Katılım yok diye bilim geri mi dururmuş? Sempozyuma katılanların görevi duyduklarını ve gördüklerini her yerde anlatmak ve bilenlerin bilmeyenlere anlatması şeklinde zinciri uzatmak olmalıdır. Ancak öyle korunabilir Trakya, ancak öyle korunabilir Dünya. Katılanların bunu yapacaklarını da biliyorum.
Cuma ve Cumartesi günleri kitaplar dolusu bilgi doldurdum dağarcığıma ve çantama. Pazar günü ise sempozyuma da davetli olan Marmara Çevre Platformu (MARÇEP) toplantısı vardı. Burada da Türkiye Çevre Platformu kurulduğu haberi bizi sevindirdi. Artık çevre dostlarının da ülke çapında bir örgütlenmesi olmuş oldu.
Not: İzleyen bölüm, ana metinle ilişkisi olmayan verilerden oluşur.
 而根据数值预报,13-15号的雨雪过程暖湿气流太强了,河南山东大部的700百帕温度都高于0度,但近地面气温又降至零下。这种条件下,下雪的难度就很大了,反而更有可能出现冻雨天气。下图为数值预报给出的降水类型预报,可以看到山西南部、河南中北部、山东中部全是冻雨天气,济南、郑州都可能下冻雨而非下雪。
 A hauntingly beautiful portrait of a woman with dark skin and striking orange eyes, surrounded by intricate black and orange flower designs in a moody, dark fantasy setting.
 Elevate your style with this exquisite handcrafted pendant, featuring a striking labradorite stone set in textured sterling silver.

MARÇEP ilimizde Edirne Çevre Gönüllüleri Derneği tarafından temsil ediliyor. Keşan ve Uzunköprü’de de bileşenin içinde olan dernekler var. Marmara Bölgesi illerinden toplam 22 katılımcı kuruluş var.
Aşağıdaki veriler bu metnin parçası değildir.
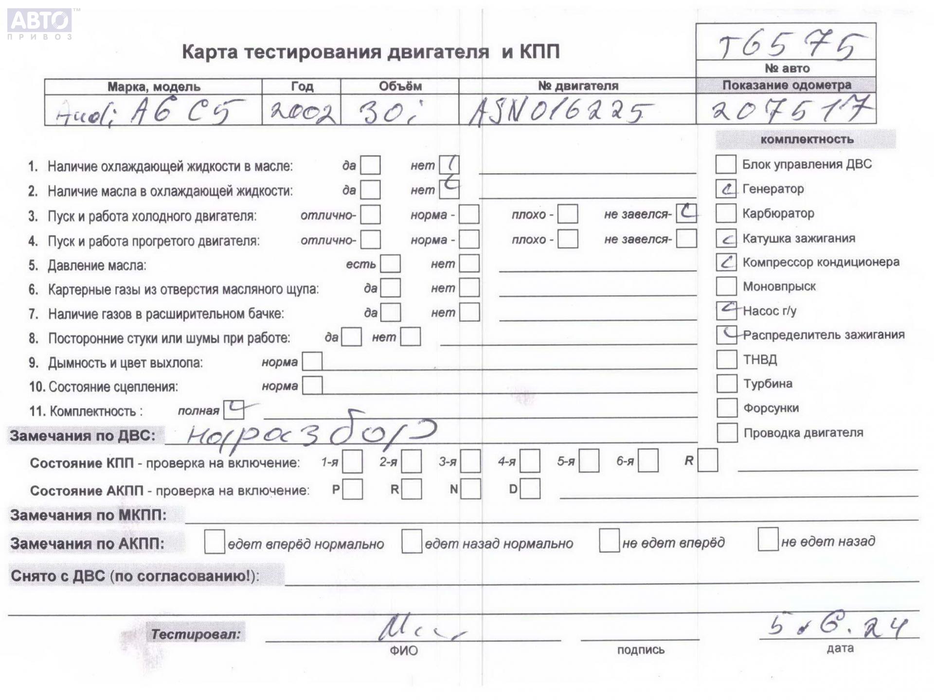 | Автомобиль / VIN: | T6575 WAUZZZ4B52N070058 |

Dolu dolu geçen üç günü, “Bilgi Panayırı”nı kaçırdıysanız büyük bir eksiklik, ancak haberli olup da katılmadıysanız ve hele de mazeretiniz yok ise o zaman sizin adınıza üzüldüğümü söylemek zorundayım.
Ziya GÖKERKÜÇÜK (gokerkucuk@tnn.net)
Not:Bu yazı 20.10.2005 Perşembe günü Edirne HUDUT gazetesi “SOLDUYU” köşesinde yayınlanmıştır.